This is a tough one to write. In some ways adoption is similar to trying to get pregnant and being pregnant: When will it work?, Who should we tell?, When should we tell?, Is the baby healthy?, and so on. I feel paranoid even writing about this...like maybe if I don't talk about it, it won't hurt as much if it does not work out. However, I know myself well enough to know that it won't make a difference. So here it is.
Right now, we a chance, we have a shot. A birth mother of a baby girl is looking at our file this week or next. For some reason this feels like it could be it. There have been so many things this time around that have been affirming. Our case worker seems hopeful, the baby's name is a nick name of mine, and today at church a little girl named Cora came into the class. This is the name that we both love and plan to use if we are blessed with a little girl. The mom said her name and my breath got caught in my chest for a second. The name Cora is not common so it took me by surprise.

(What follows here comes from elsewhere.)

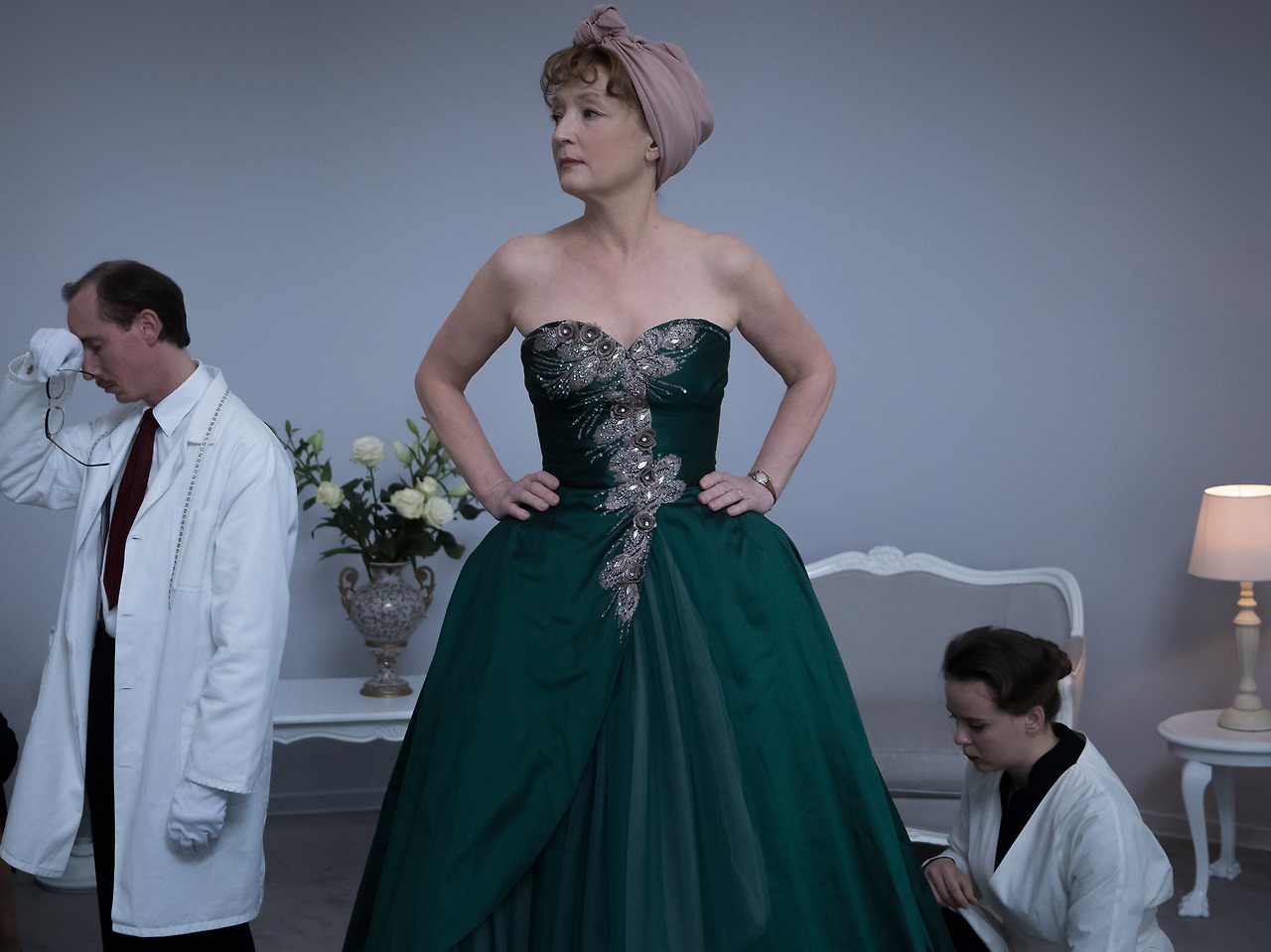 디올 하우스의 상징, 뉴 룩(New Look)의 대표작 《바 수트》다. 영화에서 파리 디올 컬렉션 쇼를 찾은 에이다가 처음으로 보았던 드레스이기도 하다. 우아하게 잘록한 허리와 풍성한 스커트의 대비는 전쟁으로 억눌린 여성성을 해방시키고, 아름다움에 대한 갈망을 대담하게 표현했다. 바 수트 옆으로 다양하게 재해석된 작품들은 무슈 디올의 혁신적 미학이 시대를 넘어 지속되고 있음을 보여준다.

Kyle and I have both been anxious (me way more of course). I woke up last night and could not go back to sleep for over an hour...same for Kyle this morning. This whole thing may very well fail but we will be OK and we will not give up.
For I know the plans I have for you," declares the LORD, "plans to prosper you and not to harm you, plans to give you hope and a future.
I have never been more grateful for my Savior. He knows what is best for me even if there is pain involved. He has always taken care of Kyle and me despite our shortcomings. We are blessed.